# Confidence in Congress: Lowest Ever for Any U.S. Institution



## Big.G (Nov 28, 2006)

Although confidence in police has dropped slightly since 2004, it is ranked 3rd in the poll.

*Just 12% of Americans express confidence in Congress*

by Jeffrey M. Jones

PRINCETON, NJ -- Gallup's annual update on confidence in institutions finds just 12% of Americans expressing confidence in Congress, the lowest of the 16 institutions tested this year, and the worst rating Gallup has measured for any institution in the 35-year history of this question.

http://www.gallup.com/poll/108142/Confidence-Congress-Lowest-Ever-Any-US-Institution.aspx

*Poll: Americans Give Democratic Congress All-Time Low Rating*

Thursday, June 21, 2007









*WASHINGTON - Democrats pledged to take Congress in a new direction when it won control in November 2006, but less than six months after taking the reins, Americans aren't pleased with the results, giving lawmakers an all-time low public confidence rating.*

In a Gallup poll released Thursday, only 14 percent of Americans have a "great deal" or "quite a lot" of confidence in Congress, a Gallup poll reports.

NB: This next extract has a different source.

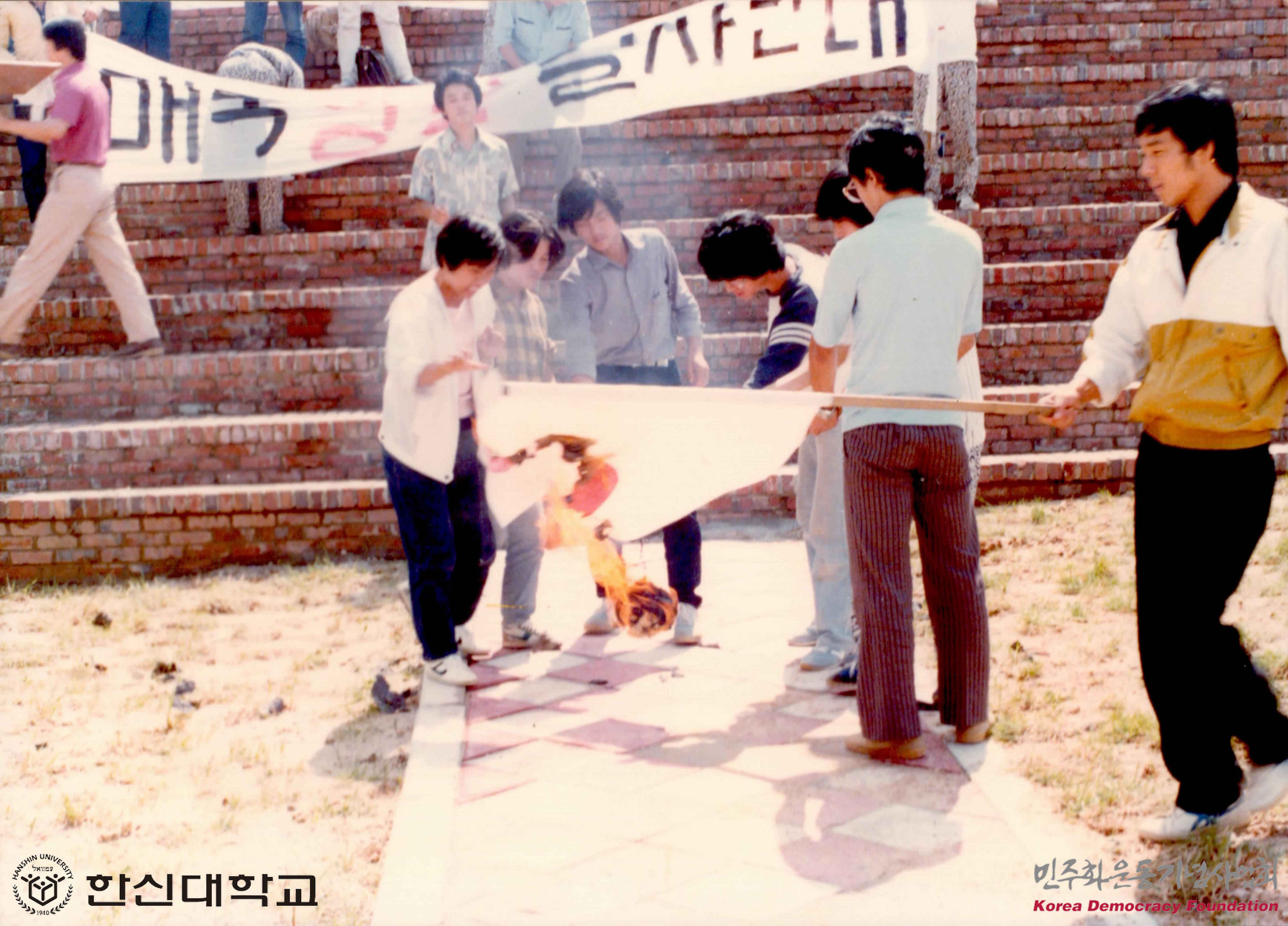 - 매국방일 결사반대' 현수막을 든 채, 일장기를 불태우고 있는 것으로 추정되는 사진

The poll shows an all-time lowest confidence rating and one of the lowest ratings for any institution in 30 years. The lowest confidence rating for Congress was 18 percent during 1991 to 1994. In 1994, the House switched from a Democratic to Republican majority after 40 years of one-party rule.

http://www.foxnews.com/story/0,2933,285572,00.html


----------